AHA23: Unexpected Link Between Sleep Apnea and Cardiovascular Events in Kidney Disease Patients

MedicalResearch.com Interview with:

Lead Author: Rupak Desai, MBBS
Atlanta Veterans Affairs Medical Center
Independent Researcher, Atlanta, GA,

Presenter: Vamsikalyan Borra, MD
Resident Physician, Internal Medicine
University of Texas Rio Grande Valley, Weslaco, TX

MedicalResearch.com: What is the background for this study?

Response: The relationship between sleep apnea (OSA) and chronic kidney disease (CKD) is quite complex. OSA can cause hypoxia, activation of the sympathetic nervous system, and hypertension, all of which can have negative effects on kidney function. On the other hand, in patients with end-stage renal disease (ESRD), intensifying renal replacement therapy has shown some improvement in sleep apnea severity, suggesting a bi-directional relationship between the two conditions.
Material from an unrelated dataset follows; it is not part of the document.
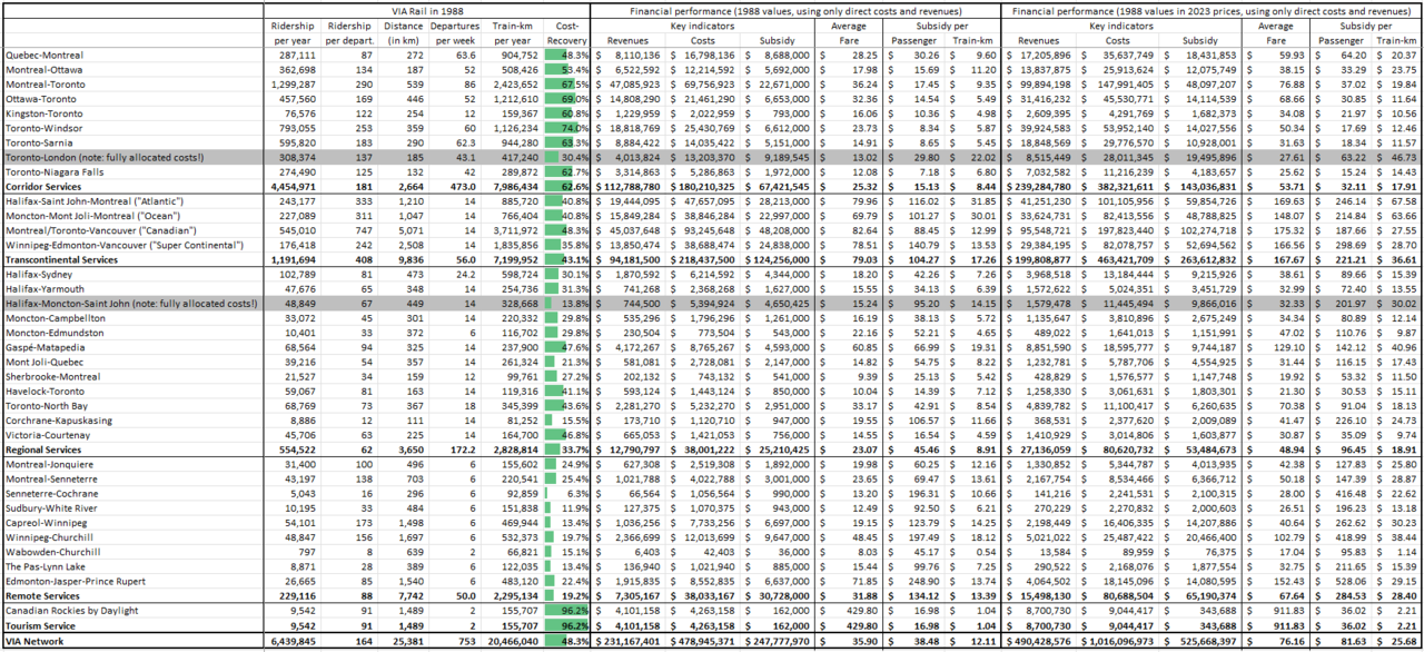 Quick reminder that even in the golden age of VIA (1985-1989), no intercity route outside the Quebec-Windsor Corridor recovered even half of its direct costs, despite most operating daily:
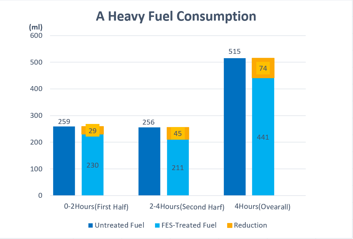 Under identical operating conditions, fuel consumption was compared between A heavy oil processed through FES and conventional A heavy oil.

While there are still uncertainties, recent studies have focused on understanding the interplay between OSA and CKD.

The role of CPAP therapy, a common treatment for OSA, in relation to CKD is not yet clear. Observational studies present findings regarding the impact of CPAPs on kidney function. However, researchers are actively investigating its cardiovascular benefits and its influence on the progression of CKD.

The objective of this study is to analyze the trends in composite cardiovascular events in hospital encounters among geriatric patients with CKD, comparing those with and without obstructive sleep apnea. Additionally, we are also investigating sex and racial disparities in trends of major adverse cardiovascular and cerebrovascular events (MACCE) among geriatric patients with obstructive sleep apnea (OSA). Furthermore, we are assessing the impact of continuous positive airway pressure (CPAP) treatment and dependence on MACCE outcomes in OSA patients

MedicalResearch.com: What are the main findings?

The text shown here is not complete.